Status: alpha. API and internals may change before v1.0. Renamed from crforest in 0.3.1pip install comprisk, from comprisk import CompetingRiskForest.

Highlights

  • Forest today, regression next. v0.3 ships the only native Python competing-risks RSF: cause-specific log-rank splitting + composite CR log-rank, Aalen-Johansen CIF, Nelson-Aalen CHF, Wolbers + Uno IPCW concordance, OOB Breiman VIMP, Ishwaran minimal-depth variable selection. See the Roadmap for what v0.4 adds.
  • 10–22× faster than randomForestSRC on real EHR data (CHF 14–22×, SEER 11.6×; full tables in docs/benchmarks.md), with C ≈ 0.85 on both libraries. ~95× faster than rfSRC built without OpenMP (default R-on-macOS).
  • Order-of-magnitude faster than scikit-survival (16.6× at n = 5k, 544× at n = 50k), without disabling CIF/CHF outputs.
  • Bit-identical to randomForestSRC with equivalence="rfsrc" — reproduces the per-tree mtry/nsplit RNG stream for paper-grade reproducibility, sensitivity checks, and rfSRC-baseline migrations.

comprisk vs alternatives

comprisk randomForestSRC scikit-survival
Language Python R Python
Native competing risks ✗ (single-event only)
Aalen–Johansen CIF output n/a
Cumulative hazard at scale ✗¹
OOB permutation VIMP
Bit-identical reproducibility mode ✓ (equivalence="rfsrc") n/a
Scales to n = 10⁶ ✓ (63 s on i7) memory-bound past n ≈ 500 000 on consumer hardware ✗¹ / OOM²
Default parallelism ✓ (n_jobs=-1) OpenMP (build-dependent; macOS Apple clang lacks it)
GPU preview ✓ (CUDA 12)

¹ sksurv RandomSurvivalForest(low_memory=True) is the only mode that scales beyond ~10k samples, but it disables predict_cumulative_hazard_function and predict_survival_function (raises NotImplementedError). ² sksurv low_memory=False exposes CHF / survival outputs but stores per-leaf full CHF arrays; peak RSS reaches 16.8 GB at n = 5k on synthetic, OOMs (> 21.5 GB) at n = 10k on a 24 GB host.

Install

pip install comprisk          # or:  uv add comprisk
pip install "comprisk[gpu]"   # or:  uv add 'comprisk[gpu]'

Requires Python ≥ 3.10. Core dependencies: numpy, scipy, pandas, joblib, numba, scikit-learn.
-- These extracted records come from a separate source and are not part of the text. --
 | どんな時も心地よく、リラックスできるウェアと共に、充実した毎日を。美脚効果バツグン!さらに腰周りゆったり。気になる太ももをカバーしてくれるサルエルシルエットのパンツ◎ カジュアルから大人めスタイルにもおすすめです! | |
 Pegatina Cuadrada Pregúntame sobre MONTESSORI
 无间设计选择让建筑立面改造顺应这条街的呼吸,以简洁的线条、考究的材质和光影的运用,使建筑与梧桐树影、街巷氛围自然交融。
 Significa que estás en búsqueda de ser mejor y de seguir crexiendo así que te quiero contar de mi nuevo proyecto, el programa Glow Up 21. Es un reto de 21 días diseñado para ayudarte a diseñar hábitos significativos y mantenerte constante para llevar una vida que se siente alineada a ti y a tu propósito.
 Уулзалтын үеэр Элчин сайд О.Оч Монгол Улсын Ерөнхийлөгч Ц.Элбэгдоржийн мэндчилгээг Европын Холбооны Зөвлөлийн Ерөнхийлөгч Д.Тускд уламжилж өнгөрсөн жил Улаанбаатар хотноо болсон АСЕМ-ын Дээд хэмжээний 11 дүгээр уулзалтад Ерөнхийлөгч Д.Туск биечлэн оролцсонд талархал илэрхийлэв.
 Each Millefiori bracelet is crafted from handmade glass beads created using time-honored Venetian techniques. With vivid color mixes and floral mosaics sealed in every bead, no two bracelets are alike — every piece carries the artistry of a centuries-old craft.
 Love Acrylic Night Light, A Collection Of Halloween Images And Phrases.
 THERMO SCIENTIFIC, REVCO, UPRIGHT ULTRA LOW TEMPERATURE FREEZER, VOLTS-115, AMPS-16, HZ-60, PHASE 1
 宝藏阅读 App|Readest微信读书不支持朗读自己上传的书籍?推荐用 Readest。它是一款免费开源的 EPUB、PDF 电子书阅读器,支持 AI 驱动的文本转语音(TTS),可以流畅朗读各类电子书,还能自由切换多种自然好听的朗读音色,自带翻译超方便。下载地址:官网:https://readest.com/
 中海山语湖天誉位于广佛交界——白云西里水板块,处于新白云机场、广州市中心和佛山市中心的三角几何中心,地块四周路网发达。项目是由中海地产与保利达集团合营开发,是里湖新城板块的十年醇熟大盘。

GPU extra adds cupy + CUDA 12 runtime libs (preview; faster only at low feature count today, full rewrite scheduled for v1.1).

Quickstart

import numpy as np
from comprisk import CompetingRiskForest

# Toy competing-risks data: 500 subjects, 6 features, 2 causes (+ censoring).
rng = np.random.default_rng(42)
n = 500
X = rng.normal(size=(n, 6))
time = rng.exponential(2.0, size=n) + 0.1
event = rng.choice([0, 1, 2], size=n, p=[0.4, 0.4, 0.2])  # 0 = censored

# Fit. Defaults: n_estimators=100, max_features="sqrt", logrankCR, n_jobs=-1.
forest = CompetingRiskForest(n_estimators=100, random_state=42).fit(X, time, event)

# Per-subject risk score for cause 1 (suitable for Wolbers C-index).
risk = forest.predict_risk(X[:5], cause=1)
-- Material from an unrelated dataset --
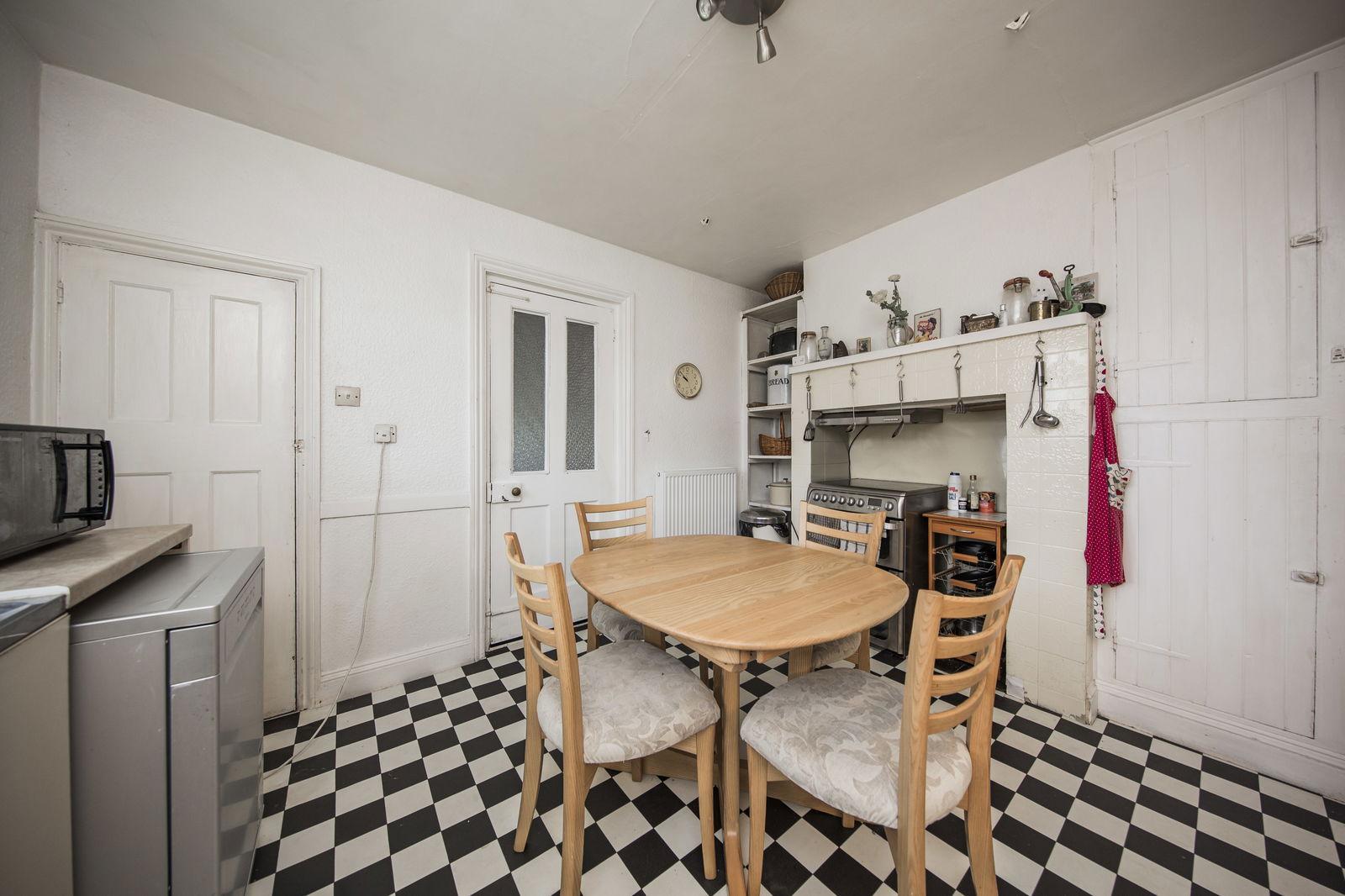 KITCHEN/BREAKFAST ROOM: uPVC double glazed window to front. Sink and drainer. Matching worktops with cupboards and drawer units below. Localised tiling. Tiled recess space for cooker with shelving aside and further useful storage. Door to deep larder cupboard with quarry tiled flooring and window to front. Wall-mounted electric heater. Radiator. Further door to:

# Aalen-Johansen cumulative incidence over the forest's chosen time grid.
cif = forest.predict_cif(X[:5])                       # (5, n_causes, n_times)
cif_at = forest.predict_cif(X[:5], times=[1.0, 2.0, 5.0])

# Cause-specific Wolbers concordance.
print("C-index, cause 1:", forest.score(X, time, event, cause=1))

# OOB permutation VIMP, scored with Uno IPCW.
vimp = forest.compute_importance(random_state=42)
print(vimp.sort_values("composite_vimp", ascending=False).head())

TreeSHAP explanations

Explain cause-specific CIF predictions with exact TreeSHAP (Lundberg 2018). Output shape is (n_samples, n_features, n_times, n_causes):

shap, base = forest.shap_values(X[:10])
# shap[0, :, 0, 0]  -> feature attributions for subject 0, first time, cause 1
# base[0, 0]        -> expected CIF baseline for that (time, cause)

# Additivity check: attributions + baseline reconstruct the CIF
reconstructed = shap.sum(axis=1) + base  # (n, n_times, n_causes)
assert np.allclose(reconstructed.transpose(0, 2, 1),
                   forest.predict_cif(X[:10]))

# Rank features by mean absolute SHAP (global importance)
mean_abs = np.abs(shap).mean(axis=(0, 2, 3))
top_features = np.argsort(mean_abs)[::-1][:5]

# Slice for a fixed (time, cause) — compatible with shap.summary_plot
shap_slice = shap[:, :, -1, 0]   # last timepoint, cause 1  (n, p)

Backed by Lundberg (2018) Algorithm 2; bit-exact to shap.TreeExplainer at any fixed (cause, time) slice. Wall time scales linearly with n_explain and n_times — pass a focused times= grid (clinical horizons) rather than the default full event-time grid.

Indicative wall (10-core commodity machine, p = 58, ntree = 100, n_times = 10): ~40 s at n_train = 10k, n_explain = 200; ~3.5 min at n_train = 10k, n_explain = 1000. Thread parallelism saturates near n_jobs ≈ 4 (memory-bandwidth bound).

Variable selection

Rank features by Ishwaran's minimal-depth criterion and apply the forest- averaged null-distribution threshold from Ishwaran et al. (2010, JASA, Theorem 1 + Section 3):

forest = CompetingRiskForest(n_estimators=200, random_state=0).fit(X, time, event)
vs = forest.minimal_depth()
selected = vs.loc[vs["selected"], "feature"].tolist()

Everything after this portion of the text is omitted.